Problem details » Without the pictures, extract every line from the start of the material to the line containing "10 August 2025;", both ends included.

Supplied data »
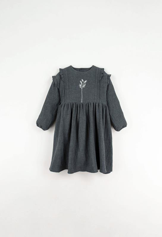 Ref. AW22.23 Mod.32.2 Dark grey embroidered dress with pintucks
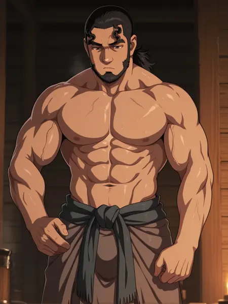 Thors, muscular, sideburns, mature male, black eyes, facial hair, ponytail
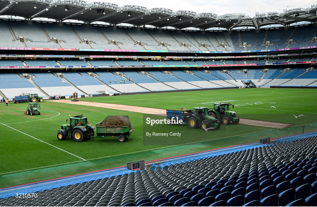 10 August 2025; Ground staff work on the pitch after the Glen Dimplex All-Ireland Senior Camogie Championship final match between Cork and Galway at Croke Park in Dublin, in advance of the upcoming concerts of Oasis and Robbie Williams in the stadium. Photo by Ramsey Cardy/Sportsfile
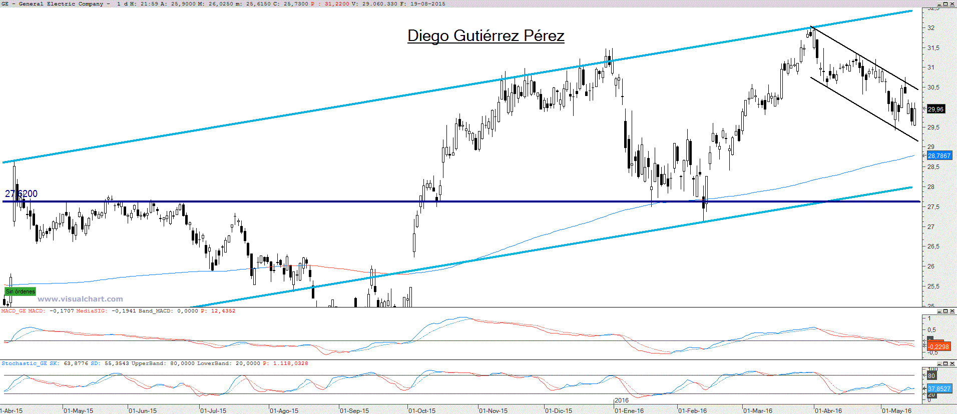 En el medio plazo se muestra alcista y consecuencia visible de ello es el movimiento de su precio en un canal alcista. El cual solo se mostró vulnerable en agosto del 2015 cuando su soporte cedió pero en octubre volvía adentrase en el canal para estrellarse con su resistencia a pesar de los ataques alcistas reiterados durante los meses de noviembre del 2015 a enero del 2016. Este gran fracaso de las hordas alcistas concluyó con una gran retirada hasta el soporte del canal alcista que esta vez sí se mostró fiable. Y siendo el punto de partida para un nuevo movimiento alcista hasta alcanzar nuevamente la resistencia del canal alcista, marcando el 31 de marzo un máximo anual en los 32,05$, pero nuevamente los descensos se reiniciaron. Esta vez las caídas se están desarrollando en un canal bajista. A pesar de esta situación, se puede apreciar en el gráfico adjunto que la zona comprendida entre los 29$ y los 29,55$ mantiene a los bajistas a raya. Sin embargo, hay que tener en cuenta que la estructura bajista desarrollada en el canal bajista muestra una secuencia de máximos y mínimos descendentes y mientras esta situación se mantenga el panorama de corto plazo se mantiene bajista. Ahora bien deberíamos céntranos en dos niveles de precios, el primero sería los 30,75$, la superación de este nivel marcaría un máximo ascendente que vendría precedido de la ruptura alcista de la resistencia del canal alcista y cuya consecuencia inmediata sería una vuelta hacia la resistencia del canal alcista de medio plazo. El segundo nivel a vigilar sería los 29,41$, un cierre por debajo de este nivel reanudaría la secuencia bajista y aumentaría las probabilidades de volver a tantear el soporte del canal alcista de medio plazo y solo haría falta ver antes de llegar a esta situación si la media móvil de 200 puede actuar de soporte dinámico. Concluyendo en el más estricto corto plazo el movimiento es claramente bajista pero sin olvidar que el movimiento de medio plazo es alcista y basándonos en la teoría esta situación de corto plazo debería ser aprovechada para entrar largos o aumentar nuestra posición alcista mientras no se pierdan los 27,10$, si ocurriera este hecho en gráfico semanal se anularía la secuencia de máximos y mínimos ascendentes y quizás estuviéramos ante un patrón harmónico de nombre tiburón alcista pero sin olvidar que aunque este patrón tiene connotaciones alcista se estaría desarrollando un movimiento bajista buscando un nivel C que sí sería un nivel de giro alcista que daría por finalizado el tramo bajista B-C, siempre basándonos en un hipotético patrón de tiburón alcista. Pero que nadie se alarme como dije anteriormente antes hay que perder el último mínimo ascendente en gráfico semanal, en los 27,10$. Ahora mismo hay que centrarse en los niveles de precio mencionados los 30,75$ y los 29,41$. Siempre paso a paso aunque hay que intentar prever el peor escenario. No hay que olvidar que General Electric está muy lejos de su máximo histórico en los 60€, allá por el año 2000 y aún lejano los 42$ máximo en el año 2007. Los más avistados se habrán dado cuenta que estos máximos y descendentes corresponden a los dos grandes cracs bursátiles en lo que llevamos de siglo, seguramente no serán los últimos.

Solution below »
 Ref. AW22.23 Mod.32.2 Dark grey embroidered dress with pintucks
 Thors, muscular, sideburns, mature male, black eyes, facial hair, ponytail
 10 August 2025; Ground staff work on the pitch after the Glen Dimplex All-Ireland Senior Camogie Championship final match between Cork and Galway at Croke Park in Dublin, in advance of the upcoming concerts of Oasis and Robbie Williams in the stadium. Photo by Ramsey Cardy/Sportsfile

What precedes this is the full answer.